[Record set Boundary: Start]

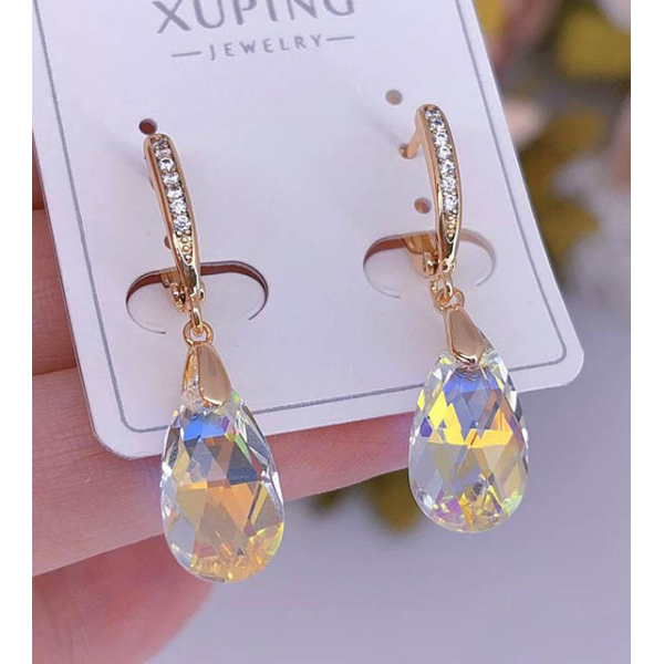 Гипоаллергенная бижутерия. Ювелирный сплав, покрытие выполнено из золота 585 пробы, вставки — кристаллы Сваровски. Размер серег 3,5 см, английский замок.
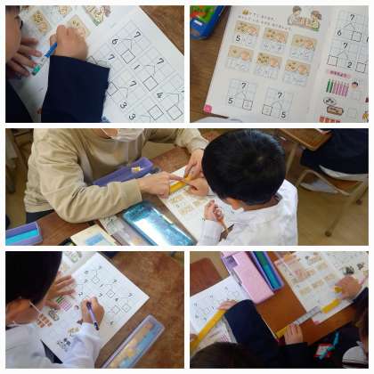 10までの数の合成分解の学習です。 7は、1と6。 7は、2と5。 7は、3と4。
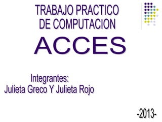 Access es un sistema de gestión de bases de datos de Microsoft Office que permite organizar y presentar información en tablas. Una base de datos relacional almacena datos en tablas interconectadas mediante relaciones uno a uno, uno a varios o varios a varios. Las consultas permiten recuperar y modificar datos de las tablas. Los formularios y informes sirven para presentar los datos de forma profesional.
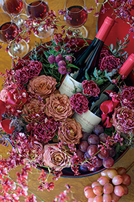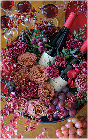 今回の贈りものは、旅先のミラノで見つけた丸い帽子用のボックスに、赤ワインのように深く華やかな色合いのカーネーション「ノビオバーガンディー」とボジョレーヌーボーのワインをあしらいました。
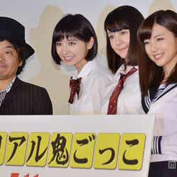 15日、都内にて行われた映画『リアル鬼ごっこ』(7月11日公開)完成披露試写会に篠田麻里子、真野恵里菜、園子温監督とともに出席した。

[Record set Boundary: End]

Task to complete - Please print exactly the lines from the one holding "今回の贈りものは、旅先のミラ" through the final line of the data above, including both, and skip all pictures.

Task solution -
 今回の贈りものは、旅先のミラノで見つけた丸い帽子用のボックスに、赤ワインのように深く華やかな色合いのカーネーション「ノビオバーガンディー」とボジョレーヌーボーのワインをあしらいました。
 15日、都内にて行われた映画『リアル鬼ごっこ』(7月11日公開)完成披露試写会に篠田麻里子、真野恵里菜、園子温監督とともに出席した。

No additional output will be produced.